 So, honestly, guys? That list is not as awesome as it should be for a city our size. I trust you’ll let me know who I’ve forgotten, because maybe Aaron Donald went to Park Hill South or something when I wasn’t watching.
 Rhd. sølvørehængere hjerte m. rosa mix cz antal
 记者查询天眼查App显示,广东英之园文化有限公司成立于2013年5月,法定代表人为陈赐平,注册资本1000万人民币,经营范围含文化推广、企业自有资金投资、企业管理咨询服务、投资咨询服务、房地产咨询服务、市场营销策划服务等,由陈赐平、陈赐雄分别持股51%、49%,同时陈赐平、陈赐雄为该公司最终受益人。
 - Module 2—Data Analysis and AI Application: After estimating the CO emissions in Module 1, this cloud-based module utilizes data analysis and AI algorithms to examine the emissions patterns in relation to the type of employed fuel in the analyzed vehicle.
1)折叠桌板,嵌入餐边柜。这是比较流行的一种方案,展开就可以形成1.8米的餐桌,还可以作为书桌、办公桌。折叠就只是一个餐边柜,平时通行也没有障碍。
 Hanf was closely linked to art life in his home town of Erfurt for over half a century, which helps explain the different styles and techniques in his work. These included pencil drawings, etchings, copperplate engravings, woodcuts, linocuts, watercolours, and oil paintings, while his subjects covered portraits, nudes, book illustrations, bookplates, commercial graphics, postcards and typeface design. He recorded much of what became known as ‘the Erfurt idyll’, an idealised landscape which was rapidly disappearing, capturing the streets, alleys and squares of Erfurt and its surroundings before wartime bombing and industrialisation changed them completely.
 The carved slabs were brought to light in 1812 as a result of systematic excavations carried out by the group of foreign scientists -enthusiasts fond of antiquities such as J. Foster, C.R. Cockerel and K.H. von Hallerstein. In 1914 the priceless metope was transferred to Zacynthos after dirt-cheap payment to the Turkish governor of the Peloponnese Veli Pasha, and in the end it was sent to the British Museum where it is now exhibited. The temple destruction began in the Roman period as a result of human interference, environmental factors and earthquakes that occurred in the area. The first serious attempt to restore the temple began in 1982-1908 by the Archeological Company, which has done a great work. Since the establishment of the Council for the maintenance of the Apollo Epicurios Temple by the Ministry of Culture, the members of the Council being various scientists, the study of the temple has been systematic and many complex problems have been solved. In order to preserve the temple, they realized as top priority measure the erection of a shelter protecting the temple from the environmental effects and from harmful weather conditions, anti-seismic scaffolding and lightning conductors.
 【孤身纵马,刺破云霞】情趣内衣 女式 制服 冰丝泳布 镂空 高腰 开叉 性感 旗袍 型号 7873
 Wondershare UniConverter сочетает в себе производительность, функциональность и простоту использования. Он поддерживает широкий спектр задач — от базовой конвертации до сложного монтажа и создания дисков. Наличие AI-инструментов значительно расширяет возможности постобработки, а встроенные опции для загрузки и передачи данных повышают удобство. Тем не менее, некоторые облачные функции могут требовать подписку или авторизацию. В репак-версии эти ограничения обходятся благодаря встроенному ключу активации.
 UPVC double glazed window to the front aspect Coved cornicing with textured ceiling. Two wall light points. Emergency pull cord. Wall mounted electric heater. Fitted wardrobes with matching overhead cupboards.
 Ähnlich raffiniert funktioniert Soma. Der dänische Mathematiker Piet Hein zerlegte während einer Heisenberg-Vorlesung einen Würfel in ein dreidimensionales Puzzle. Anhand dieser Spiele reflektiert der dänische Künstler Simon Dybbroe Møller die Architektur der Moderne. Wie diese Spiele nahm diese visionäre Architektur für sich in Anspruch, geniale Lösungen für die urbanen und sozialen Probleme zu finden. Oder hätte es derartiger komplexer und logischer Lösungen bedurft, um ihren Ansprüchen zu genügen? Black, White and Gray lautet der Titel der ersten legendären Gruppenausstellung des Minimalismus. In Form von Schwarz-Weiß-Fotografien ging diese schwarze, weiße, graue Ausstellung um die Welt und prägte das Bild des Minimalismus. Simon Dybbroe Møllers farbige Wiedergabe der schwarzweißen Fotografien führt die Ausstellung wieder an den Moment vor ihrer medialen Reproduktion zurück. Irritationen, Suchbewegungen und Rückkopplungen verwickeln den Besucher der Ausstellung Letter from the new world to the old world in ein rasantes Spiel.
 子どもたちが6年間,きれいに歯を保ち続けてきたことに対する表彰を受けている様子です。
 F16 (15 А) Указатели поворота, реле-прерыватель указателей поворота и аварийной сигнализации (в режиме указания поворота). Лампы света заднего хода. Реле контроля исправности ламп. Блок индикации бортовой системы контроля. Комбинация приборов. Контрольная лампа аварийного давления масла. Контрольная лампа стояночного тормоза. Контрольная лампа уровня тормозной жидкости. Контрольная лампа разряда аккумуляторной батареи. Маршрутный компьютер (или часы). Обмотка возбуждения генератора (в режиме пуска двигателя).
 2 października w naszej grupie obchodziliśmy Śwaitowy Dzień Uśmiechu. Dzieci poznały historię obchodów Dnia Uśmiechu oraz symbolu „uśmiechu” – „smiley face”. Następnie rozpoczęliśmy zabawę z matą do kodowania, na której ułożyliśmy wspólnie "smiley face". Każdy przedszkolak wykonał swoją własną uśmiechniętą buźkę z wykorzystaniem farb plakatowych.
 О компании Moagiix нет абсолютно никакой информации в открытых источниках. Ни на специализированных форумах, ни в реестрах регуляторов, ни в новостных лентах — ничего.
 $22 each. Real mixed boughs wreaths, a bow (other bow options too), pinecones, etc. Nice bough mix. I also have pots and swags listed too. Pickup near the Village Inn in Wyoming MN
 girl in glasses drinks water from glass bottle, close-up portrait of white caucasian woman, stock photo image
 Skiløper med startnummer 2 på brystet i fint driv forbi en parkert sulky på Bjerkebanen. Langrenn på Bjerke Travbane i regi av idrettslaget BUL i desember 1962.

• [The task] Please output the full listing one more time, exactly.

• [Response below]
 So, honestly, guys? That list is not as awesome as it should be for a city our size. I trust you’ll let me know who I’ve forgotten, because maybe Aaron Donald went to Park Hill South or something when I wasn’t watching.
 Rhd. sølvørehængere hjerte m. rosa mix cz antal
 记者查询天眼查App显示,广东英之园文化有限公司成立于2013年5月,法定代表人为陈赐平,注册资本1000万人民币,经营范围含文化推广、企业自有资金投资、企业管理咨询服务、投资咨询服务、房地产咨询服务、市场营销策划服务等,由陈赐平、陈赐雄分别持股51%、49%,同时陈赐平、陈赐雄为该公司最终受益人。
 - Module 2—Data Analysis and AI Application: After estimating the CO emissions in Module 1, this cloud-based module utilizes data analysis and AI algorithms to examine the emissions patterns in relation to the type of employed fuel in the analyzed vehicle.
1)折叠桌板,嵌入餐边柜。这是比较流行的一种方案,展开就可以形成1.8米的餐桌,还可以作为书桌、办公桌。折叠就只是一个餐边柜,平时通行也没有障碍。
 Hanf was closely linked to art life in his home town of Erfurt for over half a century, which helps explain the different styles and techniques in his work. These included pencil drawings, etchings, copperplate engravings, woodcuts, linocuts, watercolours, and oil paintings, while his subjects covered portraits, nudes, book illustrations, bookplates, commercial graphics, postcards and typeface design. He recorded much of what became known as ‘the Erfurt idyll’, an idealised landscape which was rapidly disappearing, capturing the streets, alleys and squares of Erfurt and its surroundings before wartime bombing and industrialisation changed them completely.
 The carved slabs were brought to light in 1812 as a result of systematic excavations carried out by the group of foreign scientists -enthusiasts fond of antiquities such as J. Foster, C.R. Cockerel and K.H. von Hallerstein. In 1914 the priceless metope was transferred to Zacynthos after dirt-cheap payment to the Turkish governor of the Peloponnese Veli Pasha, and in the end it was sent to the British Museum where it is now exhibited. The temple destruction began in the Roman period as a result of human interference, environmental factors and earthquakes that occurred in the area. The first serious attempt to restore the temple began in 1982-1908 by the Archeological Company, which has done a great work. Since the establishment of the Council for the maintenance of the Apollo Epicurios Temple by the Ministry of Culture, the members of the Council being various scientists, the study of the temple has been systematic and many complex problems have been solved. In order to preserve the temple, they realized as top priority measure the erection of a shelter protecting the temple from the environmental effects and from harmful weather conditions, anti-seismic scaffolding and lightning conductors.
 【孤身纵马,刺破云霞】情趣内衣 女式 制服 冰丝泳布 镂空 高腰 开叉 性感 旗袍 型号 7873
 Wondershare UniConverter сочетает в себе производительность, функциональность и простоту использования. Он поддерживает широкий спектр задач — от базовой конвертации до сложного монтажа и создания дисков. Наличие AI-инструментов значительно расширяет возможности постобработки, а встроенные опции для загрузки и передачи данных повышают удобство. Тем не менее, некоторые облачные функции могут требовать подписку или авторизацию. В репак-версии эти ограничения обходятся благодаря встроенному ключу активации.
 UPVC double glazed window to the front aspect Coved cornicing with textured ceiling. Two wall light points. Emergency pull cord. Wall mounted electric heater. Fitted wardrobes with matching overhead cupboards.
 Ähnlich raffiniert funktioniert Soma. Der dänische Mathematiker Piet Hein zerlegte während einer Heisenberg-Vorlesung einen Würfel in ein dreidimensionales Puzzle. Anhand dieser Spiele reflektiert der dänische Künstler Simon Dybbroe Møller die Architektur der Moderne. Wie diese Spiele nahm diese visionäre Architektur für sich in Anspruch, geniale Lösungen für die urbanen und sozialen Probleme zu finden. Oder hätte es derartiger komplexer und logischer Lösungen bedurft, um ihren Ansprüchen zu genügen? Black, White and Gray lautet der Titel der ersten legendären Gruppenausstellung des Minimalismus. In Form von Schwarz-Weiß-Fotografien ging diese schwarze, weiße, graue Ausstellung um die Welt und prägte das Bild des Minimalismus. Simon Dybbroe Møllers farbige Wiedergabe der schwarzweißen Fotografien führt die Ausstellung wieder an den Moment vor ihrer medialen Reproduktion zurück. Irritationen, Suchbewegungen und Rückkopplungen verwickeln den Besucher der Ausstellung Letter from the new world to the old world in ein rasantes Spiel.
 子どもたちが6年間,きれいに歯を保ち続けてきたことに対する表彰を受けている様子です。
 F16 (15 А) Указатели поворота, реле-прерыватель указателей поворота и аварийной сигнализации (в режиме указания поворота). Лампы света заднего хода. Реле контроля исправности ламп. Блок индикации бортовой системы контроля. Комбинация приборов. Контрольная лампа аварийного давления масла. Контрольная лампа стояночного тормоза. Контрольная лампа уровня тормозной жидкости. Контрольная лампа разряда аккумуляторной батареи. Маршрутный компьютер (или часы). Обмотка возбуждения генератора (в режиме пуска двигателя).
 2 października w naszej grupie obchodziliśmy Śwaitowy Dzień Uśmiechu. Dzieci poznały historię obchodów Dnia Uśmiechu oraz symbolu „uśmiechu” – „smiley face”. Następnie rozpoczęliśmy zabawę z matą do kodowania, na której ułożyliśmy wspólnie "smiley face". Każdy przedszkolak wykonał swoją własną uśmiechniętą buźkę z wykorzystaniem farb plakatowych.
 О компании Moagiix нет абсолютно никакой информации в открытых источниках. Ни на специализированных форумах, ни в реестрах регуляторов, ни в новостных лентах — ничего.
 $22 each. Real mixed boughs wreaths, a bow (other bow options too), pinecones, etc. Nice bough mix. I also have pots and swags listed too. Pickup near the Village Inn in Wyoming MN
 girl in glasses drinks water from glass bottle, close-up portrait of white caucasian woman, stock photo image
 Skiløper med startnummer 2 på brystet i fint driv forbi en parkert sulky på Bjerkebanen. Langrenn på Bjerke Travbane i regi av idrettslaget BUL i desember 1962.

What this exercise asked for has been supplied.